10XGenomics / vartrix

Single-Cell Genotyping Tool
MIT License
185 stars 27 forks source link

Unequal number of reference reads #73

Open grasshoffm opened 2 years ago

grasshoffm commented 2 years ago

Hi. I am using VarTrix on the mitochondrial genome and I use all possible variants.

When I check the ref_matrix_coverage.mtx results, the reference reads are different.

For example: The three variants MT:16043:A:C, MT:16043:A:G and MT:16043:A:T all have the same reference base. But for one cell, the variants MT:16043:A:C and MT:16043:A:G have 1 read, while MT:16043:A:T has 0 reads.

Since the reference is the same and I am analysing the exact same reads (those covering this position), these values should be the same.

pmarks commented 2 years ago

@grasshoffm I'm not sure you necessarily expect the ref read count to be identical in all cases here.

Consider the case of one read that contains a C at that position. For A:C you'd expect 0 ref reads. For A:G, it’s a toss-up whether that read gets counted as ref or alt -- and it looks like the code will default to counting it as a ref base. So that might explain what you're seeing. If you want to dig into details it might be useful to post and IGV screenshot of the locus along with the results you're seeing.

@ifiddes might also have some thoughts.

ifiddes commented 2 years ago

I agree, I would need to see some screenshots. In the case of an alignment tie, VarTrix calls the read as reference. It only calls a read as alt if the alignment score to the alt allele outscores the reference alignment.

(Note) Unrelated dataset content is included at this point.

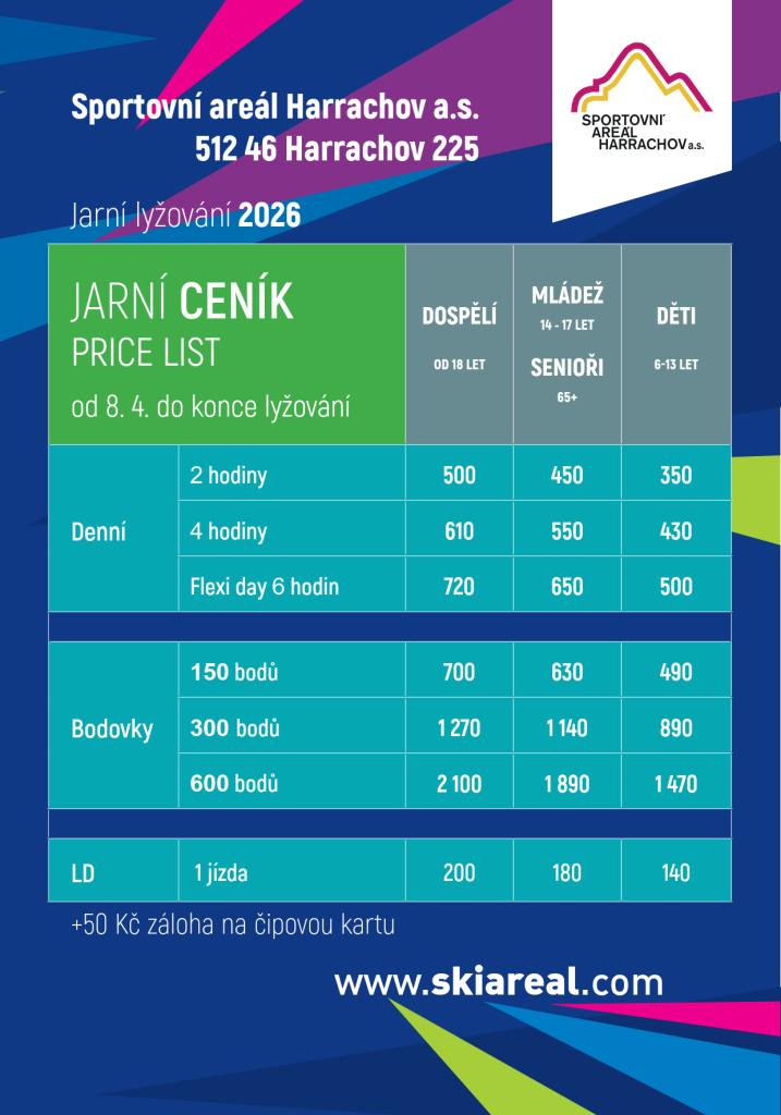 V příloze posíláme jarní ceník, platný od středy 8.4. Nákup běžných skipasů přes e-shop bude ukončen.

grasshoffm commented 2 years ago

I looked at the position 16043 and cell AAACCCAAGGAACTAT-1.

For this position, I have a read with an T insertion after the position of interest. This reads get counted as reference for the A>C and A>G variants, but not for the A>T. It is also not counted as an alternative read. Position_16043_Cell_AAACCCAAGGAACTAT-1

I then check a different position (8965). Here I find the scenario you mentioned. A mutated read is counted as reference, even if it does not support the reference allele. Position_8965_Cell_AAACCCATCAATCTTC-1

But this isn't true for cell AAACCCATCCTGCTAC-1. Here mutated read is counted towards the alternative allele, but the number of reference reads is the same for all variants. Please see the attached excel file. Position_8965_Cell_AAACCCATCCTGCTAC-1

Here is an excel file with the reads I get from VarTrix and IGV. example_reads.xlsx

ifiddes commented 2 years ago

I haven't had time to look closely, but one thing to remember about VarTrix is that it is performing local realignment of each read using Smith-Waterman. As a result, it is possible that what VarTrix is counting is not exactly what you are seeing in IGV.